I was trembling, scared now for a different reason, a far more terrifying reason but I didn’t move. I just stood in his kitchen trembling.
Then he reappeared and looked at me.
“Jacket, Anya,” he stated. “Throw it wherever. I gotta see to the steaks then I’ll get you a glass of wine. Make yourself at home.”
Then he went to his meat.
I shakily shrugged off my jacket while walking out of the kitchen.
Okay, all right.
What the heck was I doing?
Okay, all right.
Oh boy.
Shit!
I wandered down to the sunken living room and tossed my jacket and purse on one of the two identical black leather couches that faced each other. Then I wandered across it and up to the area on the other side that was all windows.
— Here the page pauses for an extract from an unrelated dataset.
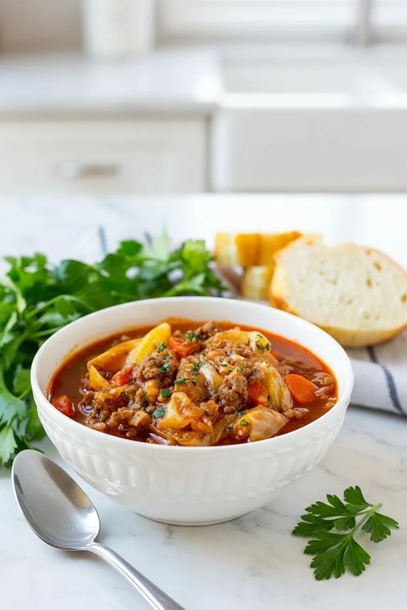 Discover the delicious simplicity of cabbage roll soup – all the classic flavors without the fuss! This hearty dish combines tender ground beef, wholesome vegetables, and comforting rice in a rich tomato broth. Perfect for busy weeknights or chilly weekends, it brings warmth to any table in just 45 minutes. Let’s explore this satisfying one-pot wonder that transforms traditional cabbage rolls into an easy-to-make soup.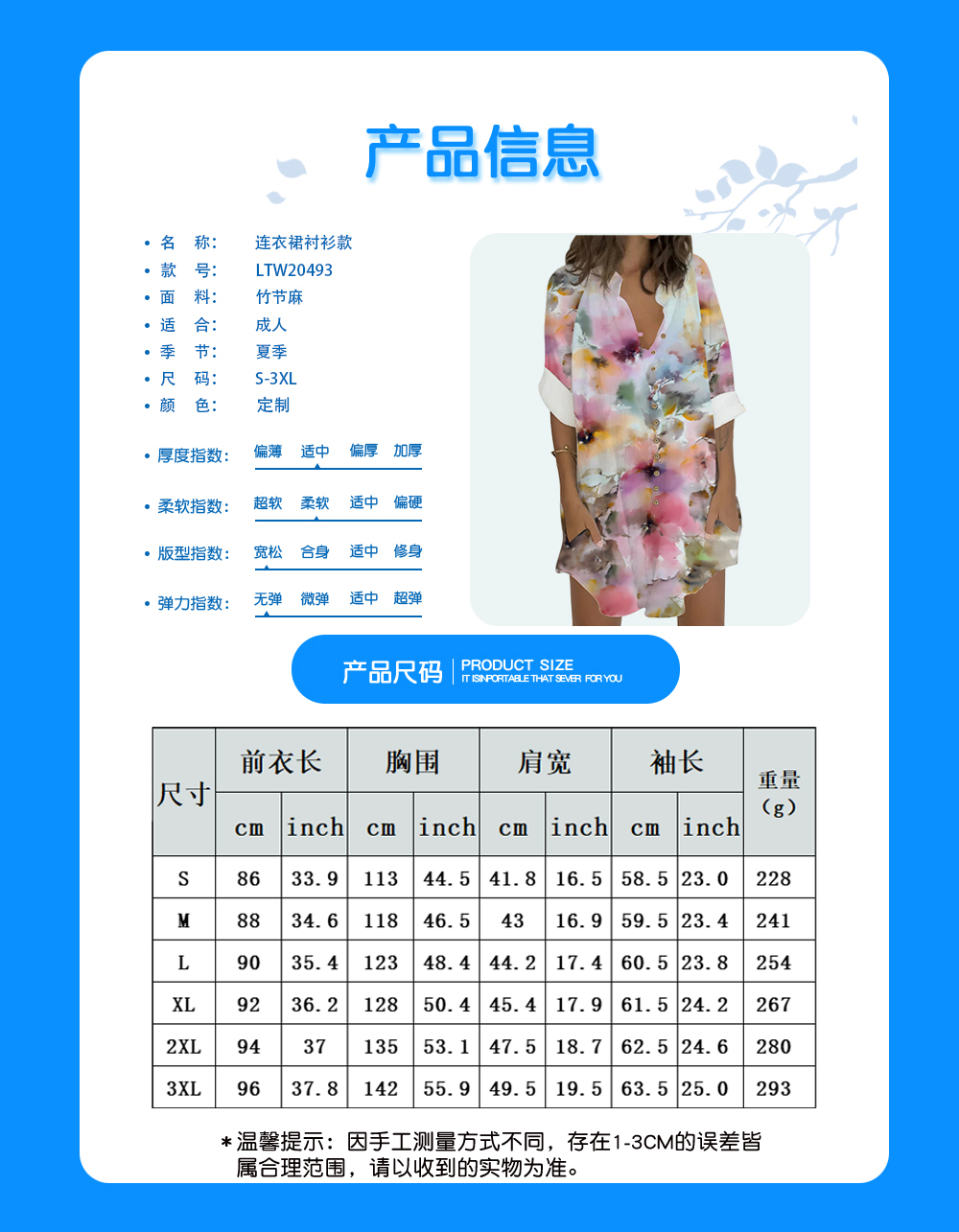 中文名称:连衣裙衬衫款英文名称:产品货号:LTW20493生产工艺: 满印印花产品材质: 涤纶(Polyester)

Then I stood there looking through the clear day to the uninterrupted vista of the Front Range thinking spring was coming. Soon, I could wear flip-flops.
“Where’s Nick gonna go?”
Yep, that was me asking the window.
“Don’t know, don’t care.” Pause then, “Do you?”
“Not really,” I mumbled and considering I was across the grand expanse of his apartment he probably didn’t hear me.
“Out of my place, out of my business,” Knight muttered to himself and I rethought him not hearing me mumbling since I heard him just fine.
I looked from the Front Range to him.